After the Shanghai Composite index had its biggest one-day sell off in 8 years yesterday Zhang Xiaojun, spokesperson with the China Securities Regulatory Commission (CSRC), said the China Securities Finance Corporation would “continue to buy stocks to stabilise the market”.
This morning during Shanghai’s early acute weakness the “State Planner” was rolled out to try to calm the market. He said that China “will guide capital flow to support the real economy” and that authorities are playing “great attention to the recent market fluctuation.”
Then, as if on cue, the PBOC joined the fray by letting loose the monetary howitzer with the injection of another 50 Billion Yuan into money markets via its repo operations today.
But the irony in Chinese authorities fighting the market, and trying to hold stock prices up, is that they’re at war with the greatest ally – the market itself and the potency of the 200-day moving average.

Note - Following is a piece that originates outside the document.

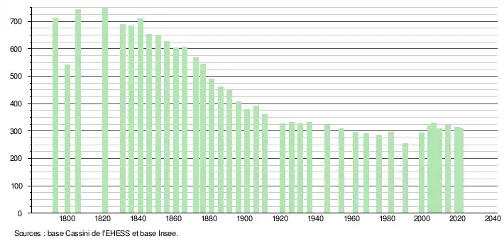 L'évolution du nombre d'habitants est connue à travers les recensements de la population effectués dans la commune depuis 1793. Pour les communes de moins de 10 000 habitants, une enquête de recensement portant sur toute la population est réalisée tous les cinq ans, les populations légales des années intermédiaires étant quant à elles estimées par interpolation ou extrapolation[25]. Pour la commune, le premier recensement exhaustif entrant dans le cadre du nouveau dispositif a été réalisé en 2004[26].
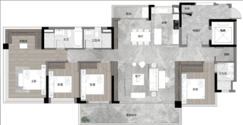 约105㎡四房两卫户型,采用南北对流设计,空气流通性优异,室内常年保持清新通透;主卧配备U型衣帽间,收纳空间充足,满足高端居住需求,彰显品质生活;四房空间规划合理,可满足二胎家庭、三代同堂等多类型家庭居住需求,空间利用率优异;户型南向采光,日照充足,居住舒适度拉满,兼顾实用性与改善属性。

It’s a widely watched indicator by technical traders and prices this morning bounced once they touched the 200-day moving average level. That’s worth noting because, for all the focus on a 20% fall being a bear market, many traders use a simple indicator for the bull/bear status of the asset they are trading – and no prizes for guessing which one. When the market is above the level of the 200-day moving average, they judge the price action as being bullish, while a slip below marks a change in the outlook to bearish.
It’s simplistic, but so often used.
What’s also important is that it is now one year since the Shanghai Composite index closed below this important support level. That means the Chinese stock market surge is one year old.
Today’s early weakness tested support, but for the moment the market has held.
The day’s trade hasn’t ended yet. But happy birthday bulls.